(Records from a data source)

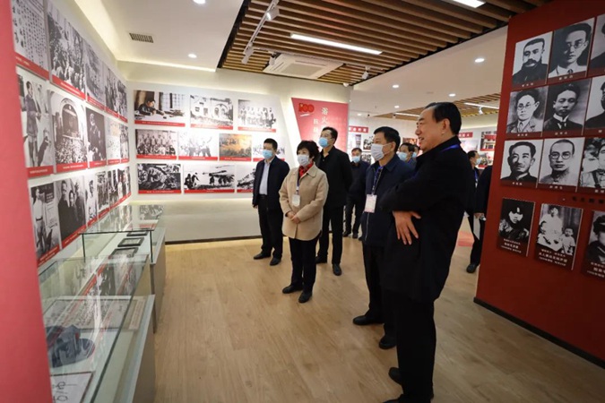 会议开始前,全体人员参观了滨州市高级技工学校红色校园。从东方红广场到嘉兴楼实训中心、韶山楼,穿过红色连廊,到井冈山楼“产教工坊”、京东直播实训室、VR教室;经“南泥湾”师生劳动基地,到古田楼学生公寓;最后到北平楼伟人塑像厅、红色藏品展厅、图书馆、百年党史馆、校史馆等红色展馆,浓郁的红色氛围和特色鲜明的党史教育引人赞叹。
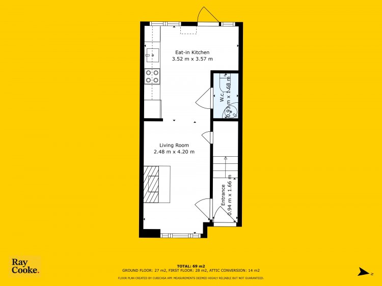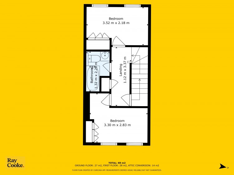Bright and spacious living accommodation of c. 72 sq m comprises downstairs of an entrance hallway, lounge, kitchen and downstairs w/c. Upstairs you will find 2 double bedrooms, family bathroom and access to the converted attic. The kitchen opens onto a low maintenance westerly facing rear garden and the front is not directly overlooked.
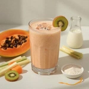 Ripe papaya brings a sunny flavor and a naturally creamy mouthfeel. It also supplies antioxidants and helpful nutrients that support overall wellness—important because skin often reflects what’s happening internally. The result is a smoothie that tastes like dessert but aligns with a skincare-minded lifestyle.
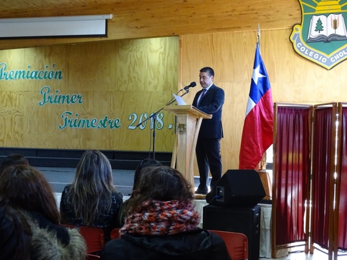 En esta ocasión el Director del establecimiento Don Luis Rubilar H. además de felicitar a quienes fueron premiados, agradeció a los padres, profesores y personal del colegio por el compromiso demostrado en este primer trimestre y les invitó a continuar trabajando con el mismo entusiasmo para el periodo que sigue.
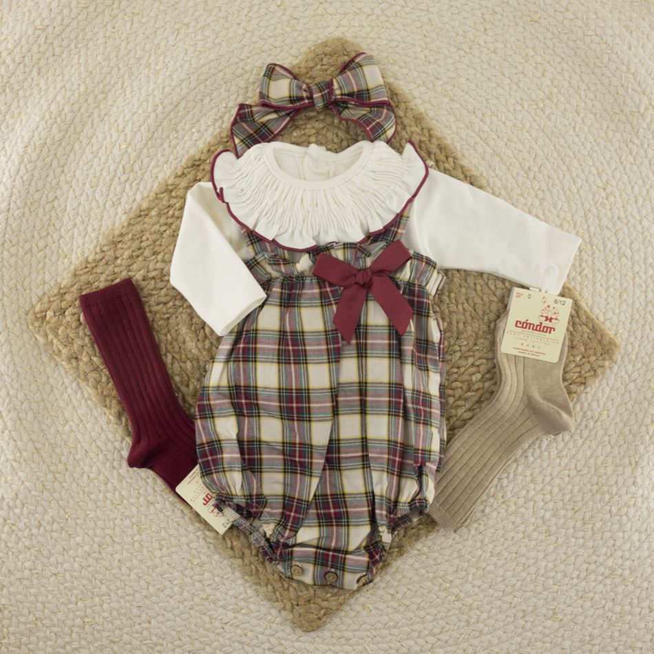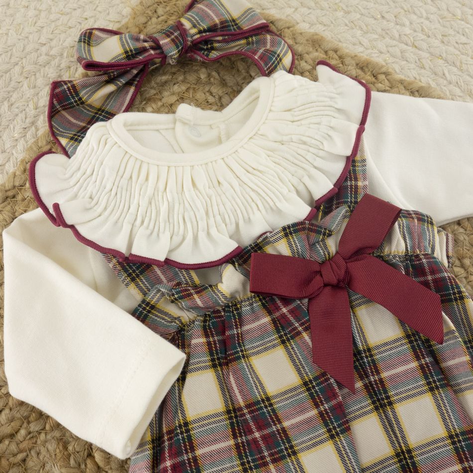 Este peto de cuadros en tonos burdeos, verde y mostaza combina el estilo tradicional con la comodidad, ideal para los días frescos de otoño e invierno.
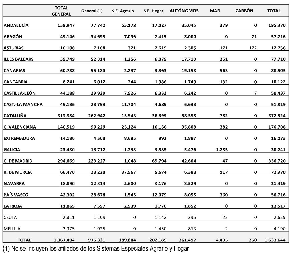 De la cifra total de ocupados en octubre 890.199 son hombres y 743.445 mujeres. Los datos de afiliados por comunidades autónomas se distribuyen así:
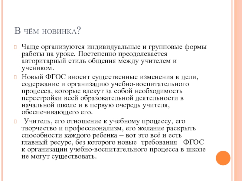 Учитель, его отношение к учебному процессу, его творчество и профессионализм, его желание раскрыть способности каждого ребенка – вот это всё и есть главный ресурс, без которого новые требования ФГОС к организации учебно-воспитательного процесса в школе не могут существовать.
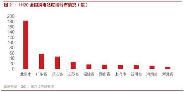 換電站運營商利用先發(fā)優(yōu)勢,搶占優(yōu)勢區(qū)位,成為后續(xù)運營的核心壁壘之一,且換電站重投資屬性 使得同一區(qū)位重復投資概率大大降低。根據(jù)上文測算模型,單站的利用率是盈利的關鍵,而換電站 的利用率提升,一方面是整體換電車型滲透率提升,更關鍵的是在發(fā)達省份的關鍵位置布局換電站, 這也就是換電站的先發(fā)優(yōu)勢。根據(jù) GGII 數(shù)據(jù),截至 2020 年 6 月,我國換電站保有量總計 452 座。 分省市來看,排名前十的依次為北京、廣東、浙江、江蘇、福建、湖南、上海、四川、海南、河北, 其中北京因奧動新能源與北汽合作的出租車采用換電模式,換電站數(shù)量居全國首位。從協(xié)鑫能科公 告的換電站建設計劃來看,大部分亦集中于江蘇、廣東、浙江等經(jīng)濟發(fā)達且新能源汽車銷量高的省 份。抓住重點城市的重點區(qū)位進行搶先布局,或成為換電模式進一步普及、換電車型進一步拓展后, 換電站運營商的核心壁壘之一。
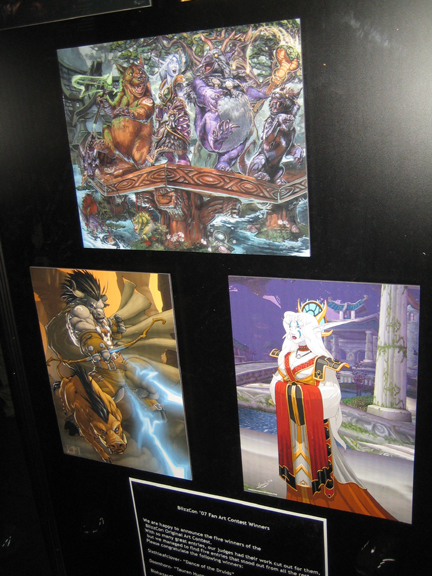 Tons of contests! Here are some examples of the fan art contest-- cute stuff! Contests for everything from dance contests (warcraft in-game dances) and imitating Warcraft voices/sounds and videos created using the Warcraft engine/models. The prizes were usually pretty cool: $$$ Dell laptops, graphic cards/accelerators, two years of Warcraft. Speaking of contests...I was mainly there to enter the costume contest-- but that's for another post!
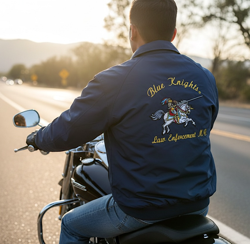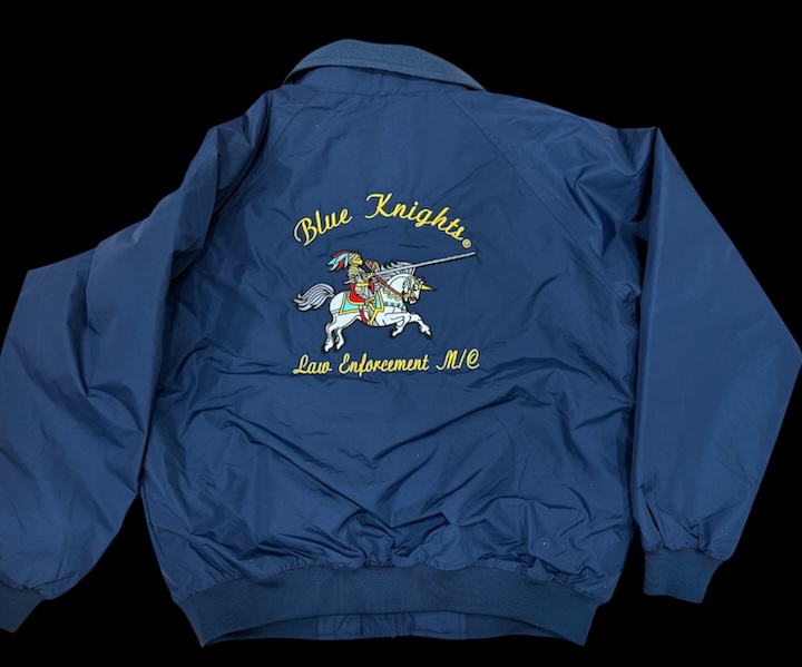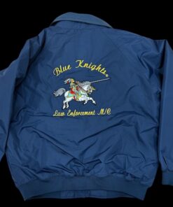 This beautiful jacket comes in royal blue and navy blue . On the front you will have the Blue Knights® logo with “Law Enforcement Motorcycle Club and on the back is the beautiful embroidery of the Knight on the white horse with beautiful colors.
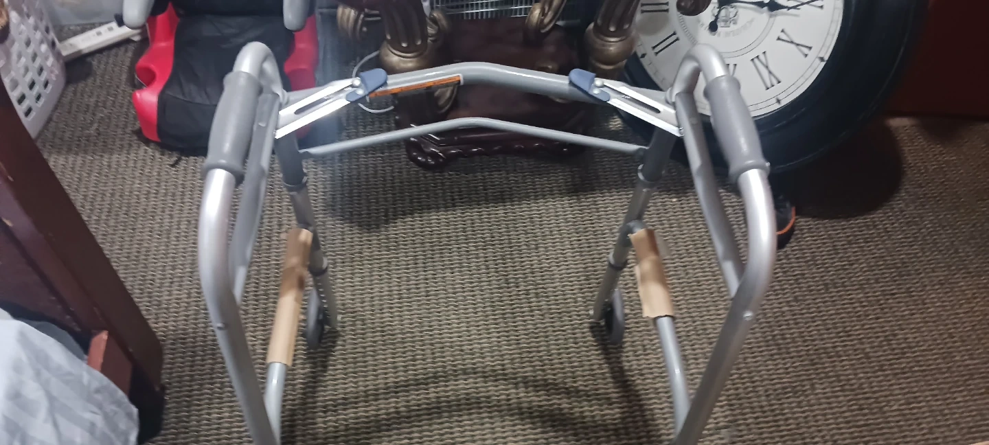 This is an aluminum folding walker. It's lightweight and easy to fold for storage. The adjustable height makes it a versatile mobility aid. It has two wheels in the front for smooth gliding.
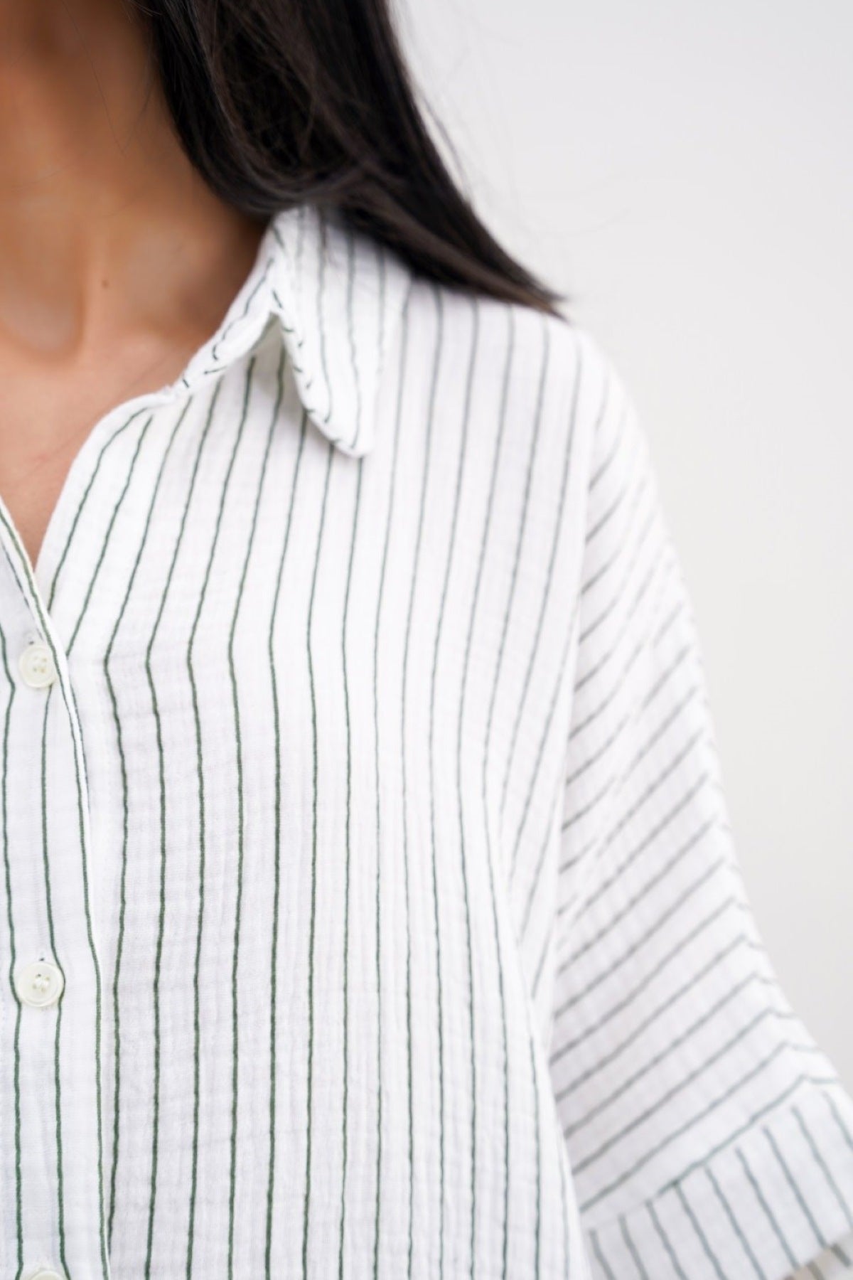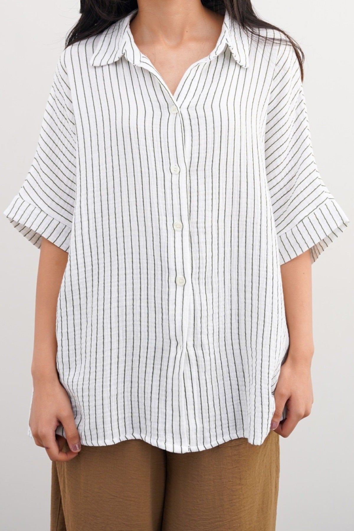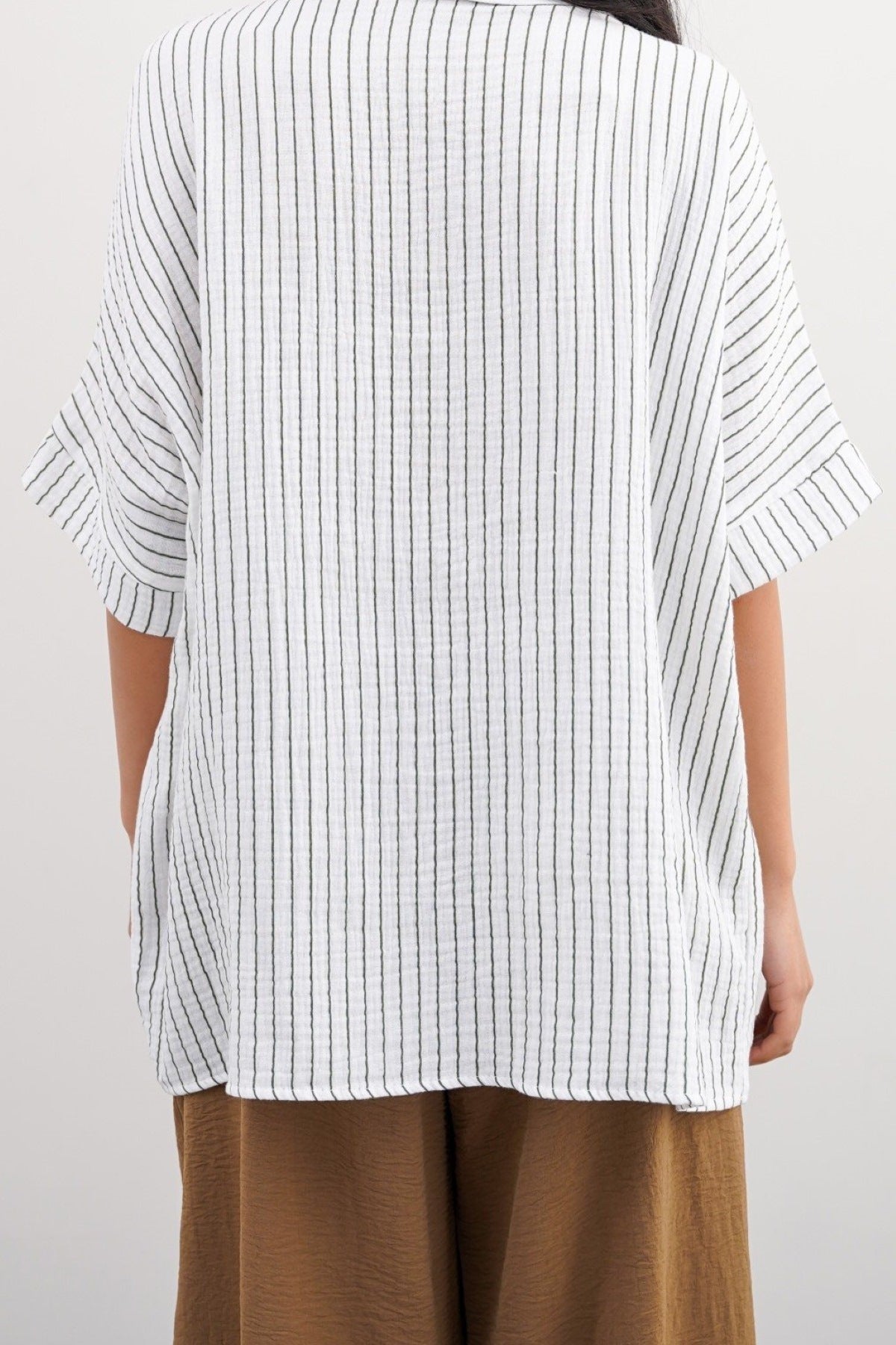 Design details: Striped muslin collared button down blouse with short sleeves. One piece batwing cutline without an armhole.
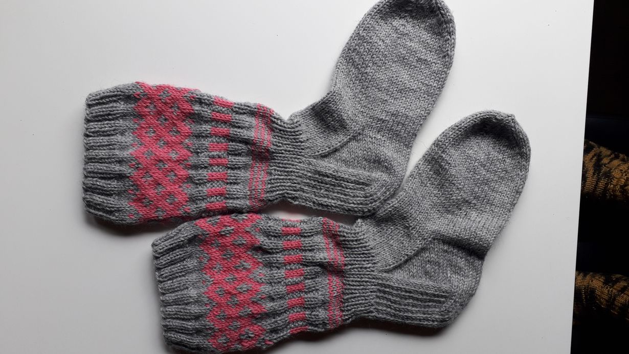 Lapsi lähti opiskelemaan 400 km päähän. Opiskelupaikalla vuokrattiin opiskeluasunto ja sinne tarvittiin tietenkin villasukat joita voi käyttää aina iltaisin, ettei jalat palellu. Pinkistä ja harmaasta piti sukat kutoa.

- **WORK REQUIRED**: Starting with the line above that holds "De la cifra", restate each line word for word up to and including the line that holds "這也就是換電站的先發(fā)優(yōu)勢。根據(jù) GGII 數(shù)據(jù),截至". Drop the pictures.

- **RESULT FOR THIS TASK**:
 De la cifra total de ocupados en octubre 890.199 son hombres y 743.445 mujeres. Los datos de afiliados por comunidades autónomas se distribuyen así:
 Учитель, его отношение к учебному процессу, его творчество и профессионализм, его желание раскрыть способности каждого ребенка – вот это всё и есть главный ресурс, без которого новые требования ФГОС к организации учебно-воспитательного процесса в школе не могут существовать.
 換電站運營商利用先發(fā)優(yōu)勢,搶占優(yōu)勢區(qū)位,成為后續(xù)運營的核心壁壘之一,且換電站重投資屬性 使得同一區(qū)位重復投資概率大大降低。根據(jù)上文測算模型,單站的利用率是盈利的關鍵,而換電站 的利用率提升,一方面是整體換電車型滲透率提升,更關鍵的是在發(fā)達省份的關鍵位置布局換電站, 這也就是換電站的先發(fā)優(yōu)勢。根據(jù) GGII 數(shù)據(jù),截至 2020 年 6 月,我國換電站保有量總計 452 座。 分省市來看,排名前十的依次為北京、廣東、浙江、江蘇、福建、湖南、上海、四川、海南、河北, 其中北京因奧動新能源與北汽合作的出租車采用換電模式,換電站數(shù)量居全國首位。從協(xié)鑫能科公 告的換電站建設計劃來看,大部分亦集中于江蘇、廣東、浙江等經(jīng)濟發(fā)達且新能源汽車銷量高的省 份。抓住重點城市的重點區(qū)位進行搶先布局,或成為換電模式進一步普及、換電車型進一步拓展后, 換電站運營商的核心壁壘之一。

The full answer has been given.